• REQUIRED ACTION
An exact copy is required of the lines running from the one that contains "نال الباحث مختار" to the end of the material, both ends included, with pictures omitted.

• INFORMATION SHOWN
•••••

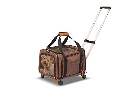 IDEAL FOR STRESS-FREE PET TRANSPORT:- Fully retractable premium material handle & 360 degree rotating and removable wheels ensuring smooth, quiet, and effortless rolling mobility in any direction resulting in a bump free ride for your pet. Easy mechanism to attach and detach bag from wheel platform allowing bag to be used as a regular double sided expandable carrier
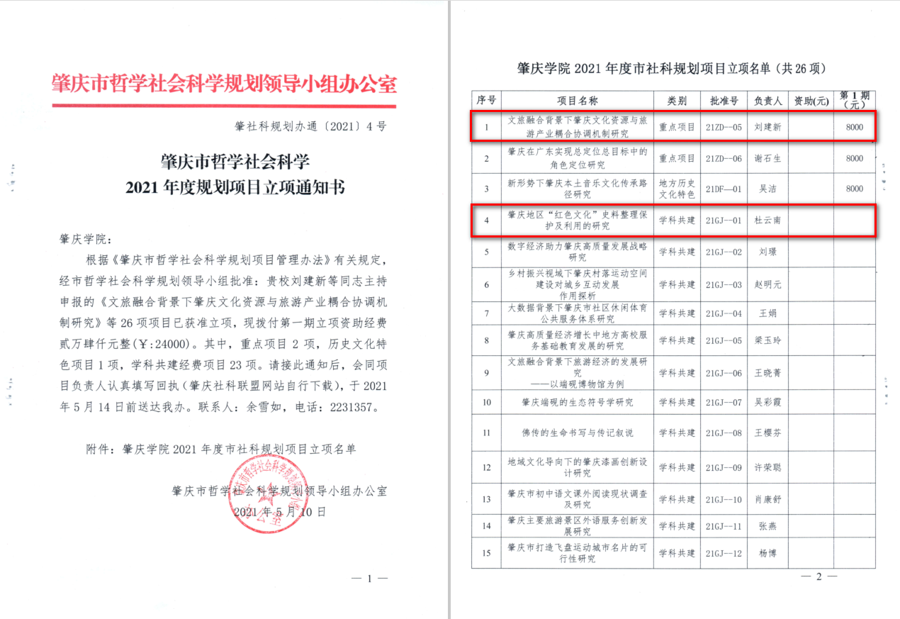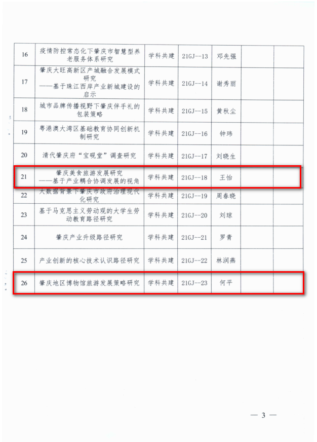 、刘建新:《文旅融合背景下肇庆文化资源与旅游产业耦合协调机制研究》(重点项目)
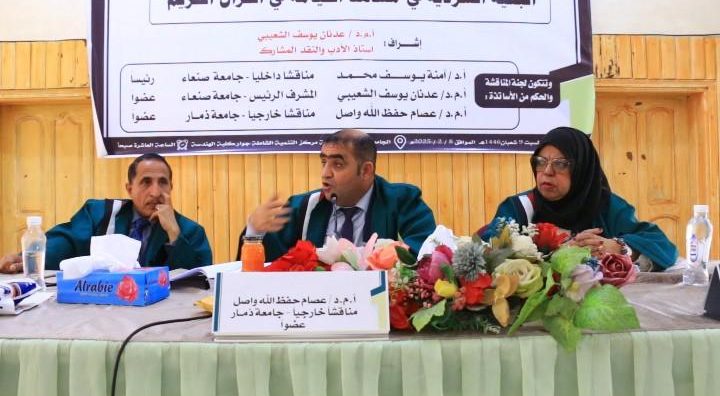 نال الباحث مختار عبد الله ناجي مسعد درجة الماجستير بدرجة 95% بتقدير ممتاز في قسم اللغة العربية – تخصص أدب ونقد – كلية اللغات بجامعة صنعاء عن رسالته الموسومة بـ: (البنية السردية في مشاهد القيامة في القرآن الكريم)
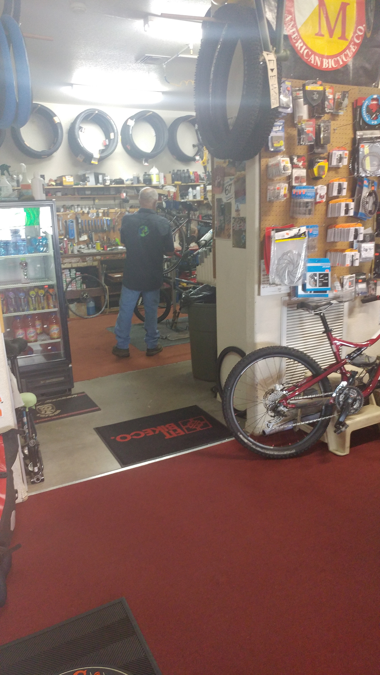 그렇게 한 두 시간이 지났나. Kingman에 있는 자전거 샵을 어찌어찌 물어보면서 찾아왔다. 근데 내 자전거에 맞는 짐받이가 없단다. 그래도 한 2km 거리에 월마트가 있다.

•••••

• TASK RESULT
 نال الباحث مختار عبد الله ناجي مسعد درجة الماجستير بدرجة 95% بتقدير ممتاز في قسم اللغة العربية – تخصص أدب ونقد – كلية اللغات بجامعة صنعاء عن رسالته الموسومة بـ: (البنية السردية في مشاهد القيامة في القرآن الكريم)
 그렇게 한 두 시간이 지났나. Kingman에 있는 자전거 샵을 어찌어찌 물어보면서 찾아왔다. 근데 내 자전거에 맞는 짐받이가 없단다. 그래도 한 2km 거리에 월마트가 있다.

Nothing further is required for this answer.